§ Your instructions
Check each line of the listing below for "زاویه" and state how many lines contain it, with no other words.

****

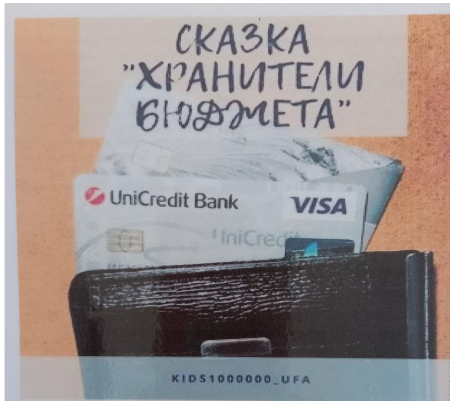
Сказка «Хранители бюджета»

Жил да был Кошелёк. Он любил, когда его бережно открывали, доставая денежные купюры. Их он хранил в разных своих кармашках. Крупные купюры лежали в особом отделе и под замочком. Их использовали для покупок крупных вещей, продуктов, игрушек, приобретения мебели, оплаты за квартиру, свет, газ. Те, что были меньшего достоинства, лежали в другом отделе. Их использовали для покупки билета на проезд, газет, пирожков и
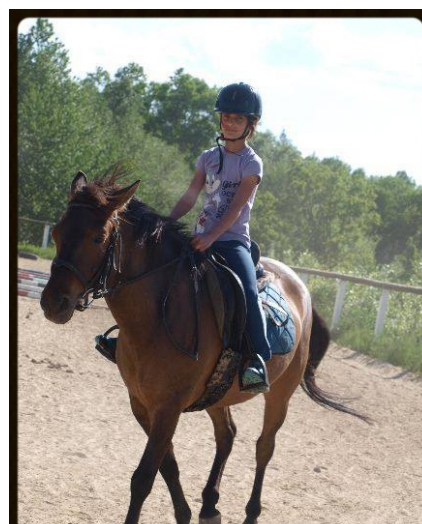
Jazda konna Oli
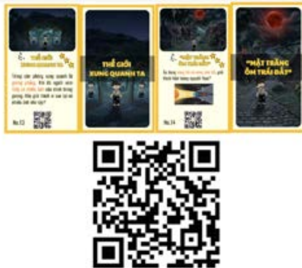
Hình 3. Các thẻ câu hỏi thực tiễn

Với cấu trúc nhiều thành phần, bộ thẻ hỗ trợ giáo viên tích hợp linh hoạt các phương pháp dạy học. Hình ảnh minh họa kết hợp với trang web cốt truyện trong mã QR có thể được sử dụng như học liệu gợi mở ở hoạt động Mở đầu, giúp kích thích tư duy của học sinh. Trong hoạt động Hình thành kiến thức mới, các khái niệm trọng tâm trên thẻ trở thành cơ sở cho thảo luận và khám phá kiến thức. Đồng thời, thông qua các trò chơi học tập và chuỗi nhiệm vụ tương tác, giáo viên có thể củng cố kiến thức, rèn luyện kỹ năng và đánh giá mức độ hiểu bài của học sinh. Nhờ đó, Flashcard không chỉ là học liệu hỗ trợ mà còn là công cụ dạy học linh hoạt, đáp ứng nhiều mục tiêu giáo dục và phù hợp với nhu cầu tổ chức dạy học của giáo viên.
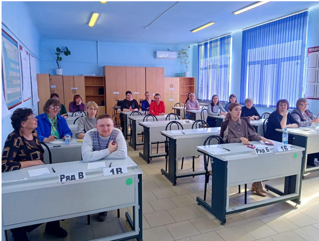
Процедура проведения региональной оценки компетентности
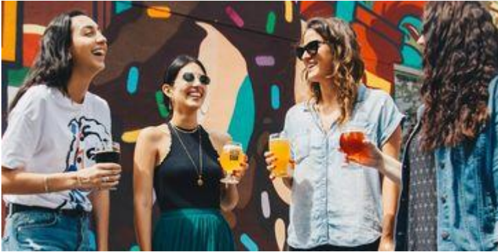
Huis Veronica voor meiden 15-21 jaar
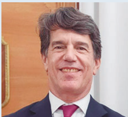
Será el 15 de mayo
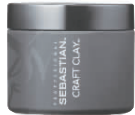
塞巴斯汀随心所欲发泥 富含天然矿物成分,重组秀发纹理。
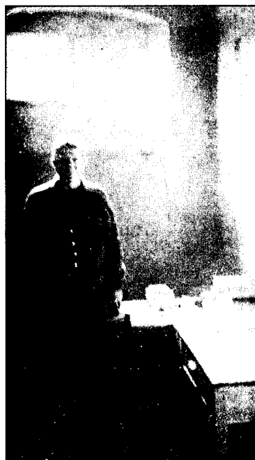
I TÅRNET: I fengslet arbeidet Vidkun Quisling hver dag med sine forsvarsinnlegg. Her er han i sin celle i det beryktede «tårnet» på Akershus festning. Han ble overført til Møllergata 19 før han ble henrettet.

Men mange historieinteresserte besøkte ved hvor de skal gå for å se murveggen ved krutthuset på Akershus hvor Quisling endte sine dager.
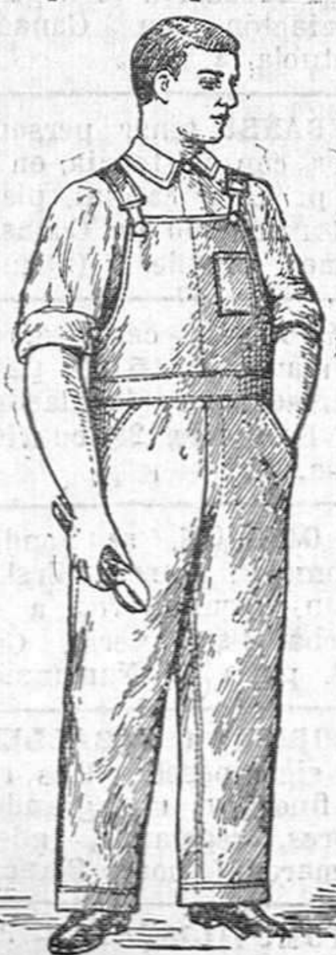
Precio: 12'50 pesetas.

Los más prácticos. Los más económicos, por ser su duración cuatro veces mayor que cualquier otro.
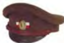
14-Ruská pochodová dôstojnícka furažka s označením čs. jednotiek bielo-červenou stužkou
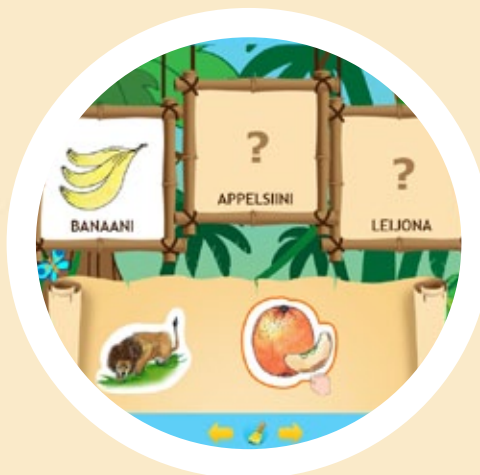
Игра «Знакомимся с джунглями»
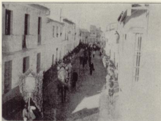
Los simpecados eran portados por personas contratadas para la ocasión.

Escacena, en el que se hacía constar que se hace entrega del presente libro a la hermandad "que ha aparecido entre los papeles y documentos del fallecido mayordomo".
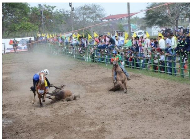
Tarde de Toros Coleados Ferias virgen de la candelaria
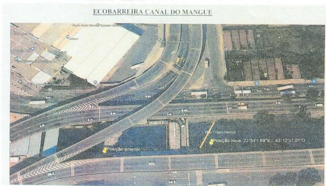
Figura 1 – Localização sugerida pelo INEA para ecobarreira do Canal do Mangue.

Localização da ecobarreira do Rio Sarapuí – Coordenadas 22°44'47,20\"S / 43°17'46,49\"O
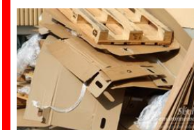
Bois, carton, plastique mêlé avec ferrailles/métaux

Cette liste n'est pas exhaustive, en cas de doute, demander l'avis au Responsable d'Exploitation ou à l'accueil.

****

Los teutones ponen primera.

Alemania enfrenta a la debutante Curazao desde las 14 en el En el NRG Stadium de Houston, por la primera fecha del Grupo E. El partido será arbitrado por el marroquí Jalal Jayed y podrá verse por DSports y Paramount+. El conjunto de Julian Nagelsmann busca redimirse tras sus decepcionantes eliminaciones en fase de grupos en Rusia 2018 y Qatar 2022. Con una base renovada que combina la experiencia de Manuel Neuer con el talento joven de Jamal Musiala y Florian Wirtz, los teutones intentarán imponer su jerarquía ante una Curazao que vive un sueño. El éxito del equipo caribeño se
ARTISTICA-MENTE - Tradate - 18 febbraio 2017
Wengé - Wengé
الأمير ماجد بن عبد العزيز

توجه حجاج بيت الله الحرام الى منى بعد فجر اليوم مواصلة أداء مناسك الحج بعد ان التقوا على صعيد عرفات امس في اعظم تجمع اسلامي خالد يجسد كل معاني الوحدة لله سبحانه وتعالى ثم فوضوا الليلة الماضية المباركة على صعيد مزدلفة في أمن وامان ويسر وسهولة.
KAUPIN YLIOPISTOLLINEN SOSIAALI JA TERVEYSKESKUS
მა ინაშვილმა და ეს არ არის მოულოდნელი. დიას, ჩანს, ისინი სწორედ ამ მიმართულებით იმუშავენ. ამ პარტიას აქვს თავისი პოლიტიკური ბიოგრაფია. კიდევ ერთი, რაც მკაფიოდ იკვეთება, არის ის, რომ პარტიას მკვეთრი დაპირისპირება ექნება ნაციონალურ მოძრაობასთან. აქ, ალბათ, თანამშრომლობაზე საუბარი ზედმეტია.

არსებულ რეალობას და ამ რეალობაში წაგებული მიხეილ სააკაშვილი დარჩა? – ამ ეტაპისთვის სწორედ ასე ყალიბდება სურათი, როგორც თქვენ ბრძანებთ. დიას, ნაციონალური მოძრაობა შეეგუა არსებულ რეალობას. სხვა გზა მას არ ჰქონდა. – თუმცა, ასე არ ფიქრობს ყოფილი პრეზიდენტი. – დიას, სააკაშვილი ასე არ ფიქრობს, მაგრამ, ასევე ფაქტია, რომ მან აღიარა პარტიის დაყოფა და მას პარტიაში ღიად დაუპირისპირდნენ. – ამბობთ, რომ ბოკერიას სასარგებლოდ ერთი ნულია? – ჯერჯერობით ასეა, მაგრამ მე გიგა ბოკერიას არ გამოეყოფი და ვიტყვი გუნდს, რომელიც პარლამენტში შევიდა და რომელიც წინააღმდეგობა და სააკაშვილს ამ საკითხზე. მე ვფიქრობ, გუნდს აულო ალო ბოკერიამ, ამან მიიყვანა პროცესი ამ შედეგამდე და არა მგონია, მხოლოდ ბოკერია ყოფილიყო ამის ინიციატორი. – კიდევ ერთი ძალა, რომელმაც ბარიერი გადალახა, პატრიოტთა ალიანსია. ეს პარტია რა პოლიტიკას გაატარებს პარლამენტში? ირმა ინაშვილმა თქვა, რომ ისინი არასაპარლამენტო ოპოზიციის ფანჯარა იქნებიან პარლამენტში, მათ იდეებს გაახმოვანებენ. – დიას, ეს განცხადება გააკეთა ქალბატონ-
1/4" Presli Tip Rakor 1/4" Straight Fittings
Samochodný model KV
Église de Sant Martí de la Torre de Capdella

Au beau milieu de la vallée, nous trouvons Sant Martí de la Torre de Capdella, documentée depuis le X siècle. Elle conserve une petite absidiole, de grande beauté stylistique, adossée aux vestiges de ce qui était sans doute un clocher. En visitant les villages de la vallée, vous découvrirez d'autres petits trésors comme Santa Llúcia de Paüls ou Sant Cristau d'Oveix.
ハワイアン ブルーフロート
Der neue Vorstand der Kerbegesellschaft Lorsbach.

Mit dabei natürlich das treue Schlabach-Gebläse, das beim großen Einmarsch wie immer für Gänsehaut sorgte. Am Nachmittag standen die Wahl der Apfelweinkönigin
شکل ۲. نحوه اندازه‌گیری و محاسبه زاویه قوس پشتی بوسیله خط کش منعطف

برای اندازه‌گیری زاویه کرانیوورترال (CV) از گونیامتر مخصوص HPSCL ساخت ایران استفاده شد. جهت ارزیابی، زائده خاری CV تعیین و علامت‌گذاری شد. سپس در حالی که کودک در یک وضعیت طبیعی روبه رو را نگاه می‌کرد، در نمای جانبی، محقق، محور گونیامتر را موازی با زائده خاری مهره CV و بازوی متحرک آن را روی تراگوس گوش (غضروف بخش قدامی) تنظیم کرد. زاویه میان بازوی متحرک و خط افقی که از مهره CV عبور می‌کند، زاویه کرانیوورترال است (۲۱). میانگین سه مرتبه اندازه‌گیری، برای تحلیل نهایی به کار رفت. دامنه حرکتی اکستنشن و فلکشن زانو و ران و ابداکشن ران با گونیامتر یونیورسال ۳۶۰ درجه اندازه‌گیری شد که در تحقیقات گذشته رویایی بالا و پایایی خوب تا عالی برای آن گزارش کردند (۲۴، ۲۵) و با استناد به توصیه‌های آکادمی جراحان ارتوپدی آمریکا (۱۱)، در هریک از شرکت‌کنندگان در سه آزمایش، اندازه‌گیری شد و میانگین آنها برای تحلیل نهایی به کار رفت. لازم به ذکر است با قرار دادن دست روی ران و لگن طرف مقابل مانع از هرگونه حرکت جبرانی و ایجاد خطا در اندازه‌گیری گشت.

****

§ Problem solution
2